TonyaKayRFPinterview2015

Raw Food Planet’s
Exclusive Interview with professional dancer and Raw Food athlete

Tonya Kay

www.tonyakay.com

Peter: What 3 foods do you view as the most essential to your athletic well-being?

Tonya: As a professional dancer, I train an average of 17 hours/wk. My activities include company rehearsals, gigs, dance classes, core training, physical therapy, Bikram yoga, hiking and dancing like at the club, of course! Unlike many other athletes, my sport is not competitive (with anyone but myself) nor does it involve a routine set of perfectible motions. A dancers’ edge, rather, lies in her ability to maintain an expert level of strength, flexibility and coordination at all times, allowing her to master any motion the physical form might do, make it look easy, and bare her soul wide open while doing it.

Consuming in-season, local, organic, raw vegan foods has been nothing short of miraculous in my life – as an athlete as well as a human being. Eating in-season, local, organic raw vegan foods, I am light inside, have a reliable energy source, recover quickly from stress and injury, sleep consistently and wake rested, fluctuate only five pounds either way around my average weight, build lean, long muscle effortlessly, and radiate a glow visible from the stage to the second balcony.

The raw vegan foods I find most beneficial to my personal athletic training are first and foremost; water. I consider it a food, for certain, and choose to drink simple spring water or well water I bottle myself. In lieu of that, I get my 4 – 5 liters/day from a basic charcoal filtered tap water or as a last resort, refill jugs from reverse osmosis vending machines. I use water to hydrate, nourish, and “keep things flowing”. For me to really accept water’s energy into my body, the water must be cost-free and waste-free. I don’t believe that the basic necessities of life, like air, water, sunshine, sleep and love should have a price tag. I also don’t believe requiring the manufacture, recycle or waste of a petroleum plastic bottle have anything to do with clean water.

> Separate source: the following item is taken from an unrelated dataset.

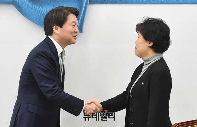 안철수 국민의당 대표가 7일 오전 국회 당 대표실에서 조배숙 민주평화당 대표를 만나 인사를 하고 있다.

Other vegan foods I find essential to my athletic training are leafy greens, like kale, romaine, green lettuce, and hijiki, nori, dulse and wakame sea vegetables. These foods have amazing alkalizing effects, which assure the body functions at its natural highest potential without inflammation, degradation, or exhaustion. And, contrary to popular belief, muscle is built from amino acids. It is true that the body breaks down hard-to-digest proteins into amino acids, but why not give it direct access to muscle’s building blocks by feeding it the most amino acid dense foods on earth – easily to assimilate leafy greens.

Finally, water rich fruits, such as apples, kiwi, strawberries, cherries – AVOCADO! – they all have profound energy and mood effects. It’s a natural high without the side effects, and when it comes to professional dance, the crowd expects more than a stellar athletic performance, they expect you to shine like a star doing it. Fruit highs are mandatory just before any performance.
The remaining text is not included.